-- What you need to do --
In the material below, pictures must be dropped. Repeat exactly, and only, the lines from the line with "- 【5 Flexible" to the line with "Daire Seçenekleri: 3+1, 4+1, 5+1", both ends included.

-- Dataset entries --

Segment Open

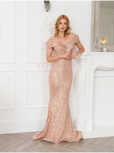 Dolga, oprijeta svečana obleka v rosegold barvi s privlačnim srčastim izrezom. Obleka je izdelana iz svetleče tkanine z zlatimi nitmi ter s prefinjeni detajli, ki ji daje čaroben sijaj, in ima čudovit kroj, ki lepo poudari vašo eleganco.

Segment Closed
Segment Open

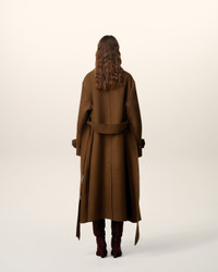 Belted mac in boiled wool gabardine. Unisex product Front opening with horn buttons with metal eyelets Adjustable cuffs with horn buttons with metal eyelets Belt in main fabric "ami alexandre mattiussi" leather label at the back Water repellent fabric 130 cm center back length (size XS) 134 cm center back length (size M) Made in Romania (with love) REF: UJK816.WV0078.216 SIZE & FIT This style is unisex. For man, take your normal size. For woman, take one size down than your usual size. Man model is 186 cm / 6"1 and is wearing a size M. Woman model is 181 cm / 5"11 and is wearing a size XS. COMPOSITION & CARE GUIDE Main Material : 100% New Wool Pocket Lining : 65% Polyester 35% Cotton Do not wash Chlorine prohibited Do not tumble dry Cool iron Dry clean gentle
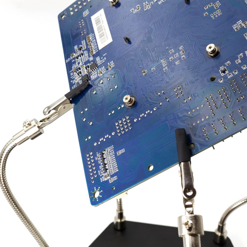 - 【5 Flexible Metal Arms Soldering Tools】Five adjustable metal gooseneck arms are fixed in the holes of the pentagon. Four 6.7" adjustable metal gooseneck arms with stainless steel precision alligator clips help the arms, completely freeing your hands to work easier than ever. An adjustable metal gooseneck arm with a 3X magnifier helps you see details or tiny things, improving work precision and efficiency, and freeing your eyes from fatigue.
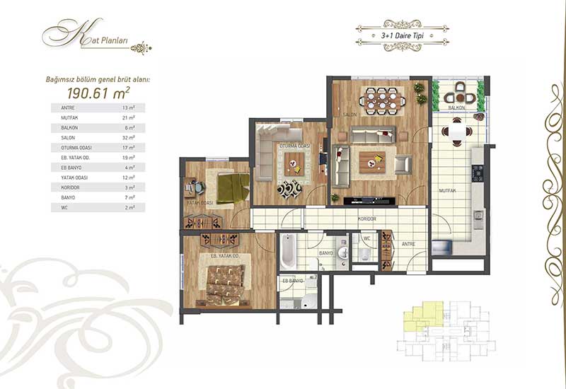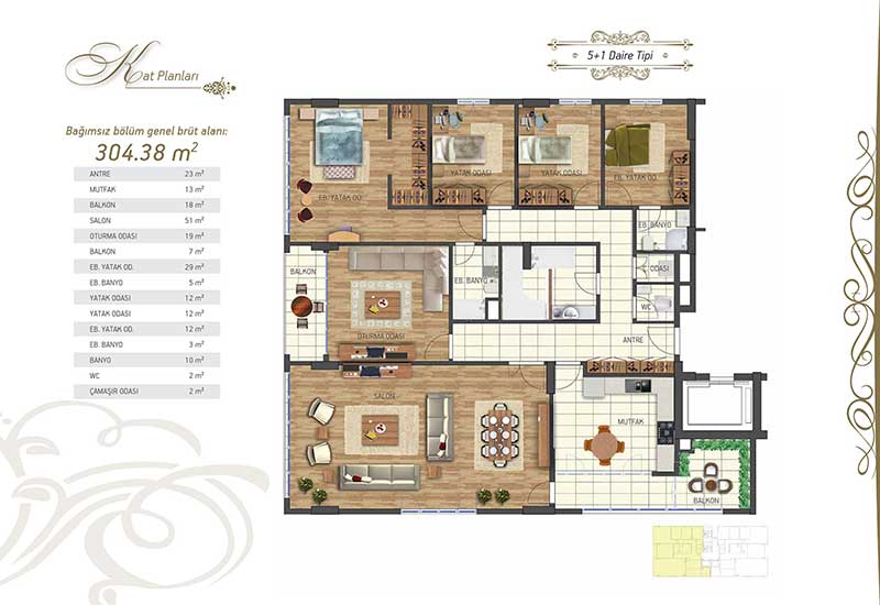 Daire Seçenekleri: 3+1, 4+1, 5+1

Segment Closed
Segment Open

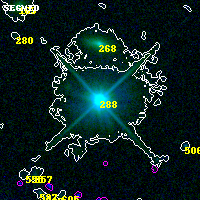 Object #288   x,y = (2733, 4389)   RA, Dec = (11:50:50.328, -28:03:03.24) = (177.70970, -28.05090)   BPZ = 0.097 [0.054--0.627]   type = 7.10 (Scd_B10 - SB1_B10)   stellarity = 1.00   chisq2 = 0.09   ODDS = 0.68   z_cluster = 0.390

Segment Closed

-- Response area --
 - 【5 Flexible Metal Arms Soldering Tools】Five adjustable metal gooseneck arms are fixed in the holes of the pentagon. Four 6.7" adjustable metal gooseneck arms with stainless steel precision alligator clips help the arms, completely freeing your hands to work easier than ever. An adjustable metal gooseneck arm with a 3X magnifier helps you see details or tiny things, improving work precision and efficiency, and freeing your eyes from fatigue.
 Daire Seçenekleri: 3+1, 4+1, 5+1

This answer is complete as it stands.